And, II just gave us an AC (very limited but still I could do Orlando in June) and I can't even see where we can use it!  We are too busy this year!  I'm going to see if I can use it for family (we have platinum so I think I can get a guest certificate free - can you do that with AC/s?).

And, Marriott called us offering a deal in Aruba too!  I told the lady about our summer plans, and how we can't even take advantage of it!  She said she'll call us end of the year to see about next year!

In a way, I can't wait till we have more time!!


----------



## jjluhman (Apr 6, 2014)

We were at Surfwatch, HHI last month and I am still waiting/hoping for a trade into Ocean Watch for August.

Our really big trip this year will be a 1 week Disney Cruise followed by a week at Grande Vista in November!


----------



## Bunk (Apr 6, 2014)

New Years 2014 (end of Xmas Vacation)   one week in  San Jose Del Cabo (Raintree Club Regina)

February, 2014:   one week on catamaran in  Belize with Tradewinds Cruise Club

Straddling July 4, 2014:    one week Martha's Vineyard  (Harbor Landing)

beginning of July, 2014   :  Son's honeymoon at Kaua'i Beach Club for one week. (We're not going but we used our Marriott Destination Club points to book.

Two long weekends in July, 2014:  Mineral Springs/Mountain Creek (northern New Jersey)
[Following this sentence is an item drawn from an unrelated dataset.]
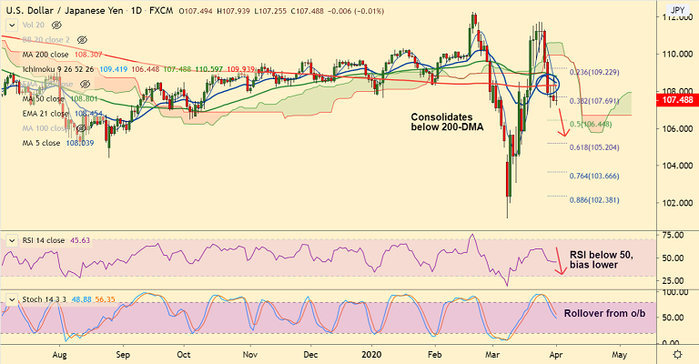 5-DMA is immediate resistance at 108.03. Bearish invalidation only above 200-DMA (108.30).
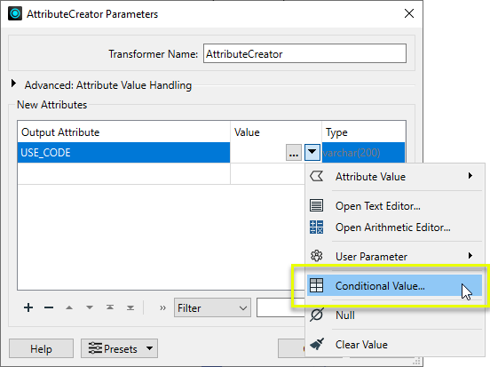 Six Test Conditions have been created, assigning a code to the new attribute USE_CODE, based on the value of the existing attribute USE. If a USE value is found that does match any of these tests, it will receive the USE_CODE value UN.

3 days in early August, 2014:   Charleston, SC.   Not really a vacation.  Driving daughter back to junior year of college.  Using Bluegreen points via Raintree

Straddling Labor Day, 2014:  11 days Florence-Tuscany-Venice.
Staying at Marriott's using rewards points.

Writing this post demonstrates to me the value of TUG.  Through TUG I learned about Marriott 5 night hotel and airfare package (used to get airfare to Cabos and certificate for hotel in Venice), Interval e-plus trade (used to get Harbor Landing) and renting points (used to supplement Kauai week).  Also received much helpful information about Martha's Vineyard.


----------



## dsexton (Apr 6, 2014)

golf4hrs said:


> Northern Tuscany Italy in June - 2 nights Venice, 5 nights Bologna, 7 nights Florence  (day trips by train to nearby cities including Rome, Pisa/Lucca, Parma, Ferrara, Ravenna, Modena/Maranello, Cinque Terre, Siena, San Gimignano, Montepulciano/Montalcino). No timeshares, all villas or B&B.  Thanks to GregT on a private driver tip to San Gimignano!
> 
> Marriott Waiohai during Thanksgiving Week (up traded my 1 bedroom Ko'Olina for 2 bedroom Waiohai)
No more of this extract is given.